Repeat the records verbatim and leave the pictures out of your copy.

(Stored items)
● ● ● ● ● ● ●
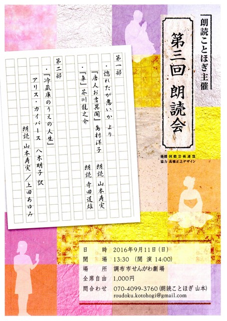 今回のように、また、聴く人を楽しませる朗読をしていただけることを楽しみにしています!
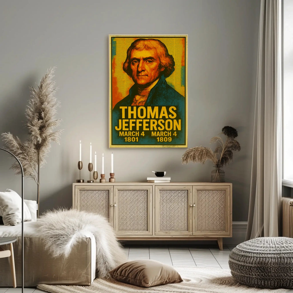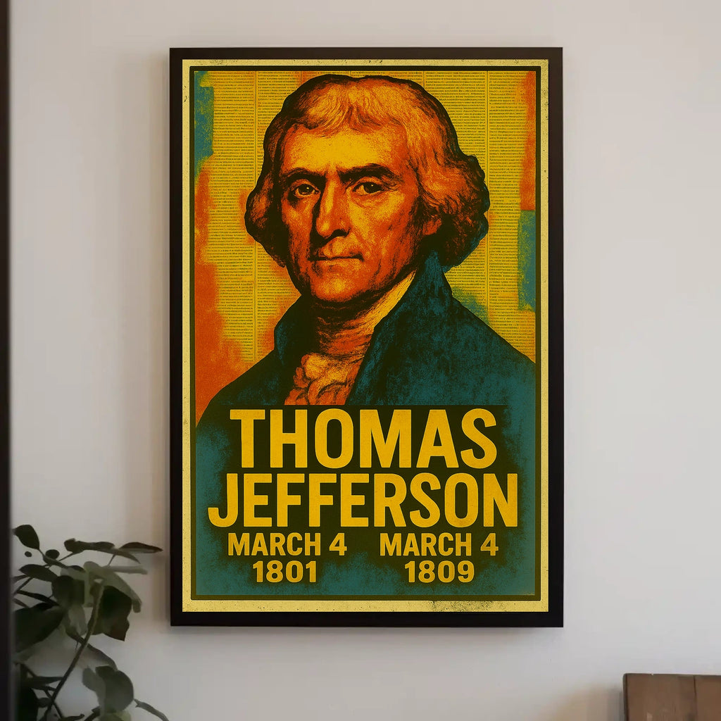 Celebrate American history with this Thomas Jefferson Vintage Patriotic Poster Print, a striking tribute to the third President of the United States. This vintage poster captures Jefferson's influential era with dates marking his presidential terms from March 4, 1801, to March 4, 1809. The design blends a bold, posterized effect with a warm yellow and deep blue palette, evoking a sense of historical significance and patriotic pride. Perfect for history enthusiasts and collectors, this poster adds a formal, authoritative touch to any space, honoring Jefferson's enduring legacy and contributions to the nation.
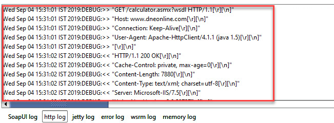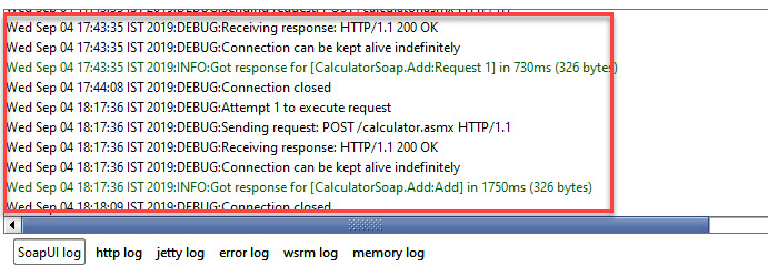 SoapUI Log – Displays the response information from the webserver. The same information is stored in soapui.log file of the SOAP-UI installed folder under 'bin' directory.
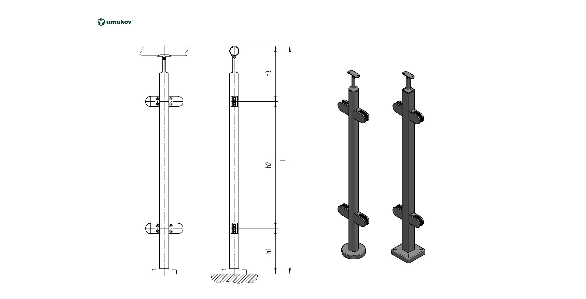 Baluster post inox AISI304, D42,4x2/4xmodel22/H110 A-VR110-4G90
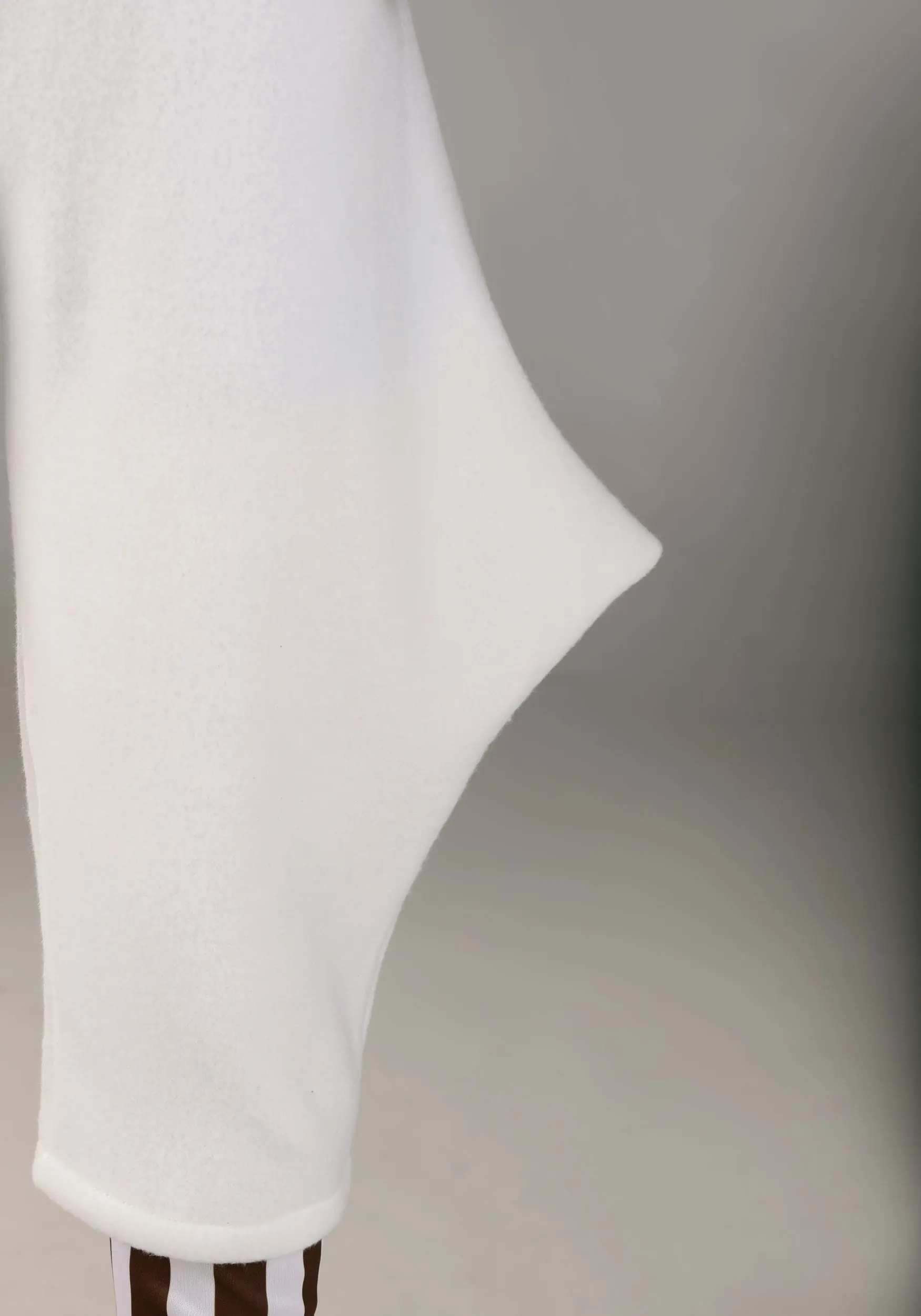 - White fleece bottom w/ sewn in brown top, jersey knit sleeve cuffs and collar
● ● ● ● ● ● ●
Expected output:
 今回のように、また、聴く人を楽しませる朗読をしていただけることを楽しみにしています!
 Celebrate American history with this Thomas Jefferson Vintage Patriotic Poster Print, a striking tribute to the third President of the United States. This vintage poster captures Jefferson's influential era with dates marking his presidential terms from March 4, 1801, to March 4, 1809. The design blends a bold, posterized effect with a warm yellow and deep blue palette, evoking a sense of historical significance and patriotic pride. Perfect for history enthusiasts and collectors, this poster adds a formal, authoritative touch to any space, honoring Jefferson's enduring legacy and contributions to the nation.
 SoapUI Log – Displays the response information from the webserver. The same information is stored in soapui.log file of the SOAP-UI installed folder under 'bin' directory.
 Baluster post inox AISI304, D42,4x2/4xmodel22/H110 A-VR110-4G90
 - White fleece bottom w/ sewn in brown top, jersey knit sleeve cuffs and collar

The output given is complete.